Organic build. This more bottom-up approach to AI development starts with an interest in the topic from an existing group or function. The group begins to develop or implement AI-related tools for their area and forms a natural expertise-based hub over time. Traction builds as successes are observed, driving an expansion of capabilities. Within this structure, AI capabilities are dispersed across a group that was likely initially united by its healthcare or other core domain expertise. As the AI capacity gets formalized, the team will need to deepen its bench strength. The organic-build structure has the benefit of a stable group with organizational knowledge and integrated AI-domain expertise. The necessary deepening of AI capabilities via the recruitment of experts may be challenging, however, as joining an “organic” team may be less appealing to prospective AI recruits. Until tangible successes are observed, getting buy-in from the top regarding team recognition and resource allocation can prove to be difficult as well.
Acquihire build. This more immediate form of building an AI team by acquiring an organization primarily for the skills and expertise of the employees is a tactic used to harvest talent more quickly than traditional hiring processes would allow. These teams come with both the AI and healthcare expertise in line with 6 the organization’s strategic priorities, but they might be missing the management structure and cultural fit. Special attention needs to be paid to integration into the broader organization to allow the acquihires to thrive in the new environment.
Scale up. Scaling up will be a natural progression from any of the above approaches. The team consists of a strong leader with solid management and domain expertise, several team members who possess both AI and healthcare skills, and a broad support staff. This team structure is well resourced and supported, builds and further develops its own talent, and aligns its mandate with the organization’s broader strategic priorities. The formal nature of the team may be appealing to external AI talent and lends itself to university partnerships. Over time, however, this larger team could become less nimble, and a focus on revenue generation may have the effect of stifling creativity and dampening energy. This is where thinking about retention and knowing the dynamics of your talent market become crucial.
Each of the abovementioned approaches to building an effective AI team is accompanied by certain skill sets at the beginning of the build (figure 4). To successfully scale up AI throughout the organization MedTech companies need to recruit intentionally to round out their capabilities.
AI has the potential to directly improve the health and wellbeing of patients and society by significantly boosting both the clinical and operational performance of MedTech companies.
Getting the most out of AI technologies relies on organizations’ capacity to attract and retain the appropriate talent and establish the organizational structures in which that talent thrives and drives a successful AI agenda.

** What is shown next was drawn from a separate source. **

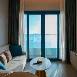 As for Fern's room, it is a 1 Bedroom Suite, a 46 sq.m. room that is well-proportioned. There is both a bedroom and a living room with a full sea view. With a balcony for you to go out and breathe some fresh air The bedroom is connected to the dressing room. The bathroom comes with an automatic toilet and a bathtub. There is a kitchen area, a dining table, a gas stove, a microwave, a refrigerator, and a washing machine. This is a hotel that is suitable for staying for 1-2 nights and is also suitable for a long staycation.

Targeted strategies in the areas of recruitment, development, and engagement can help companies successfully compete with other sectors in their quest for talent and build out their AI capacities. Focusing on the future, MedTech companies need to assess where they currently have capabilities, where they need to make enterprise changes, and where they need to recruit intentionally to round out their capabilities and become fully scaled-up organizations.
Fawad Bajwa is a member of Russell Reynolds Associates’ global Technology Officers and MedTech practices and leads the Artificial Intelligence work globally. He is based in Toronto and New York.
Sarah Flören is a member of Russell Reynolds Associates’ global MedTech practice. She is based in New York.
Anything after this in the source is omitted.